» What you will do:
The line containing "A narrow bed" and every line after it, through the end of the records below, are to be reproduced exactly, with the pictures left out.

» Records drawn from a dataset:
-=-=-=-=-
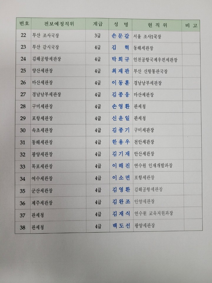 [인사][2.15(월)]과장급 전보인사 기준 및 명단
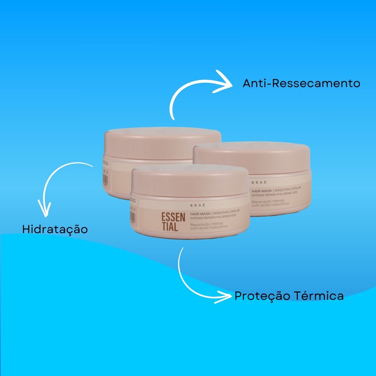- 01 – Kit Braé Essential 3 Máscara Capilar Reparação Intensa 200 g
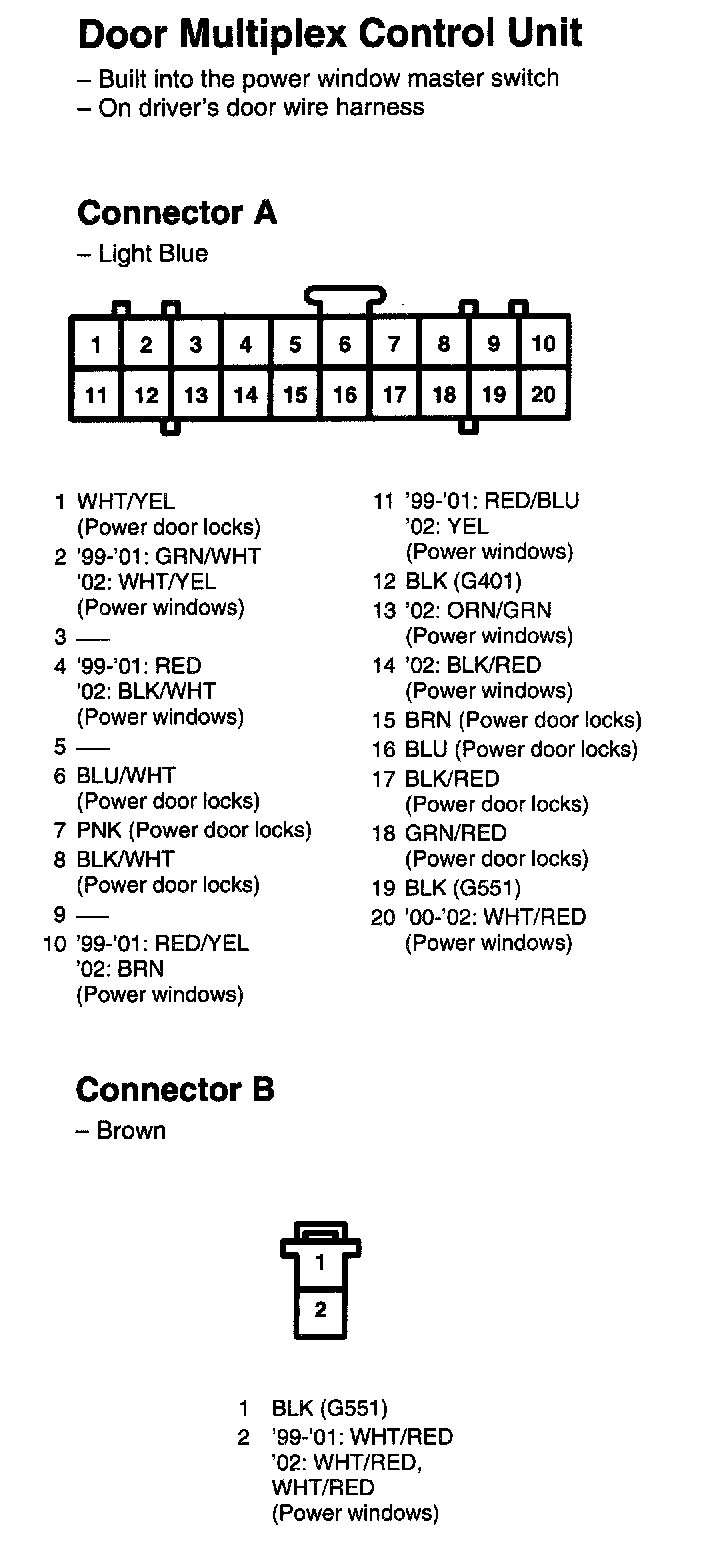 Door Multiplex Control Unit Connectors A, B:
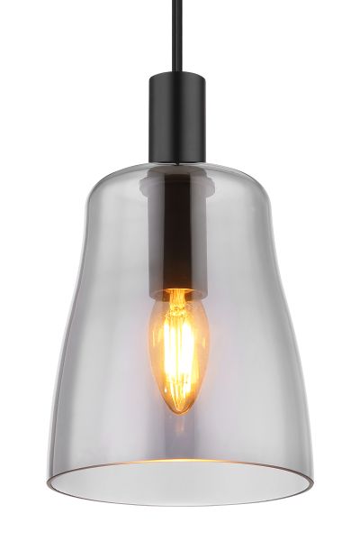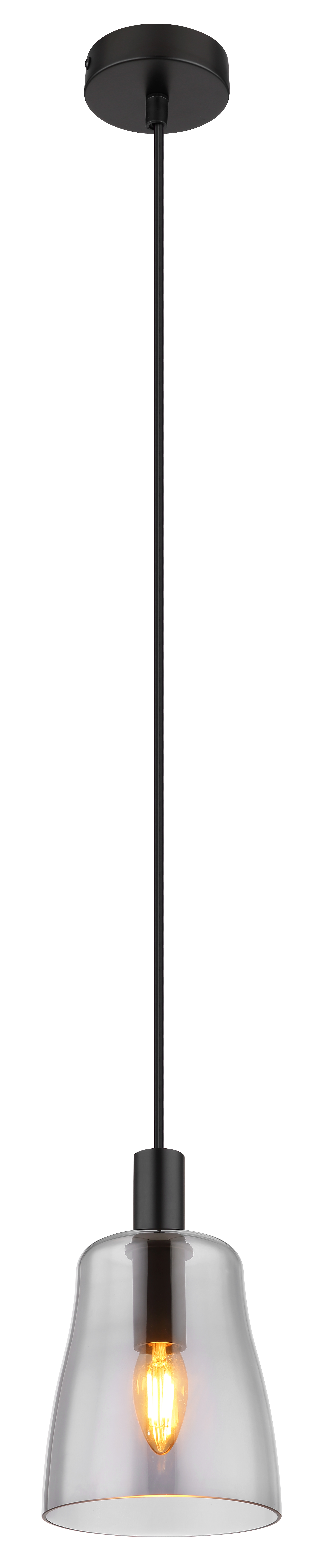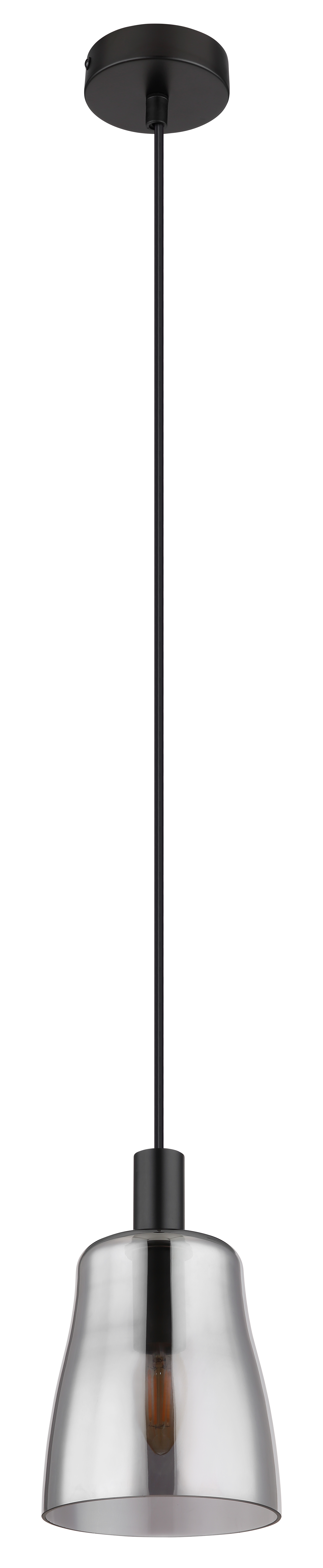 Questa elegante sospensione ispira con il suo bel design. Da un attacco a soffitto rotondo, un cavo nero lungo 1,2 m sporge verso una presa E14, dotata di un paralume in vetro color fumé (Ø 14,5 cm) e di decorazioni in nero. La presa E14 consente di determinare il proprio colore di luce e la luminosità fino a una potenza massima di 40 watt. Per la longevità e il risparmio energetico, si consigliano le lampadine a LED.
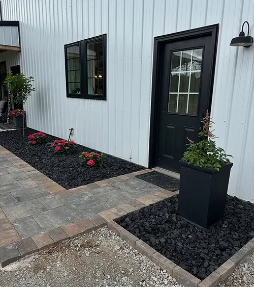 A narrow bed of black rock runs along the white farmhouse siding. Gray pavers create pathways and a small patio area.
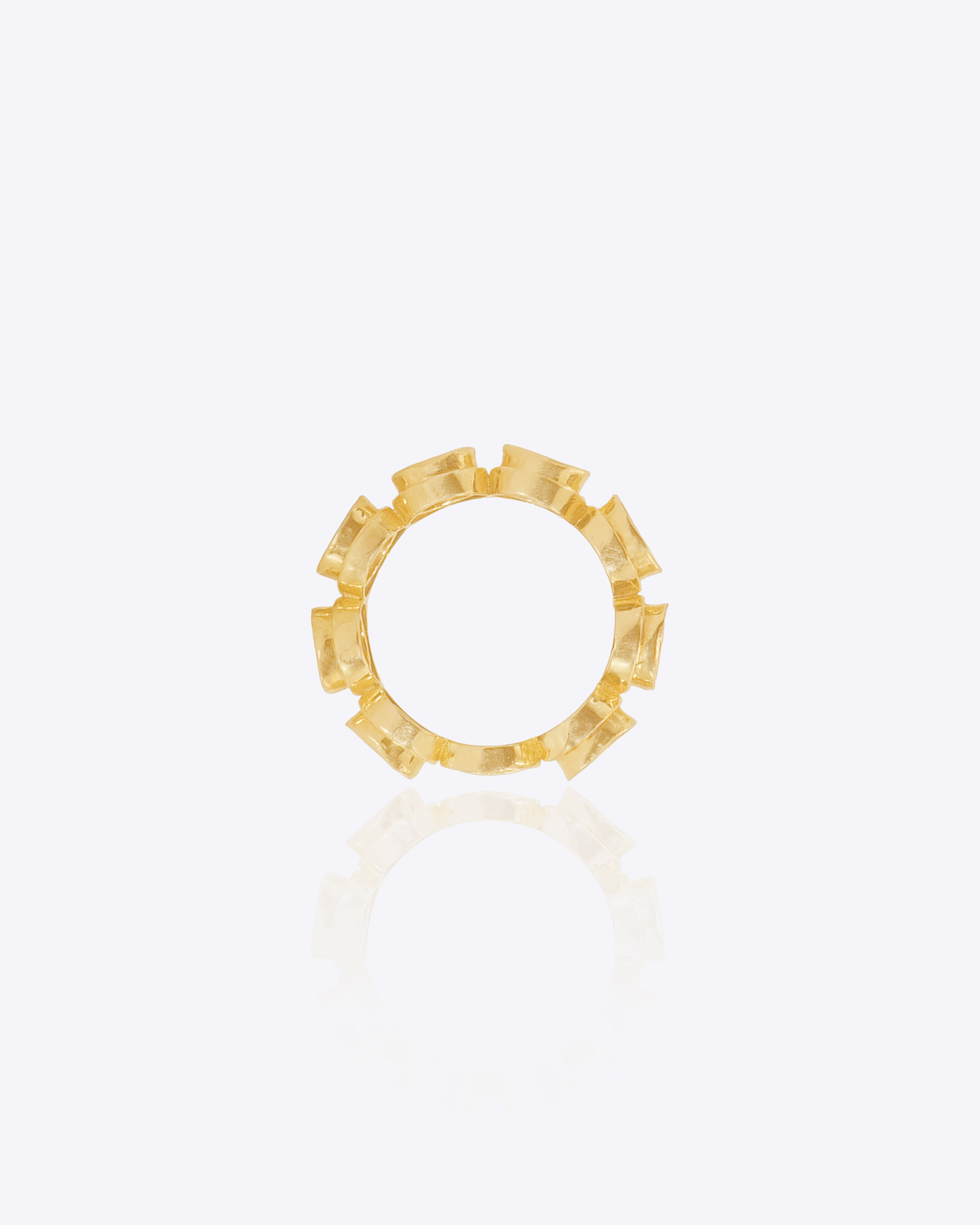 Stack it with slim bands or wear solo for a clean, luminous finish.
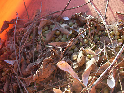 3人でもくもくと作業すること3時間。甘く見てたんだけど、あっちゅーまに時が過ぎちゃって、全部終らないうちに日が暮れ始めた。最後のほうはゴミの除去も適当になったけど、なんとか全部の豆をこなした。
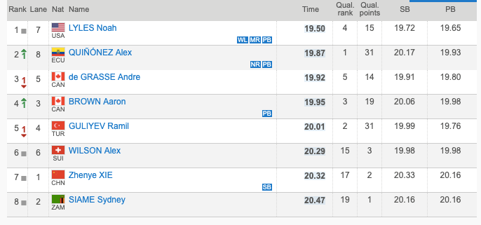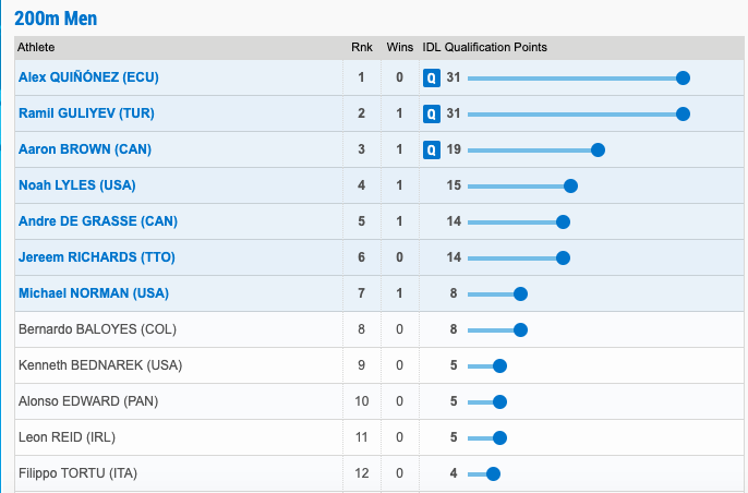 Con este resultado el esmeraldeño sumó 7 puntos que le permitieron subir hasta el primer lugar de la tabla general de los 200 metros en la Diamond League. Tiene los mismos puntos que el turco Ramil Guliyev.
-=-=-=-=-
» Solution:
 A narrow bed of black rock runs along the white farmhouse siding. Gray pavers create pathways and a small patio area.
 Stack it with slim bands or wear solo for a clean, luminous finish.
 3人でもくもくと作業すること3時間。甘く見てたんだけど、あっちゅーまに時が過ぎちゃって、全部終らないうちに日が暮れ始めた。最後のほうはゴミの除去も適当になったけど、なんとか全部の豆をこなした。
 Con este resultado el esmeraldeño sumó 7 puntos que le permitieron subir hasta el primer lugar de la tabla general de los 200 metros en la Diamond League. Tiene los mismos puntos que el turco Ramil Guliyev.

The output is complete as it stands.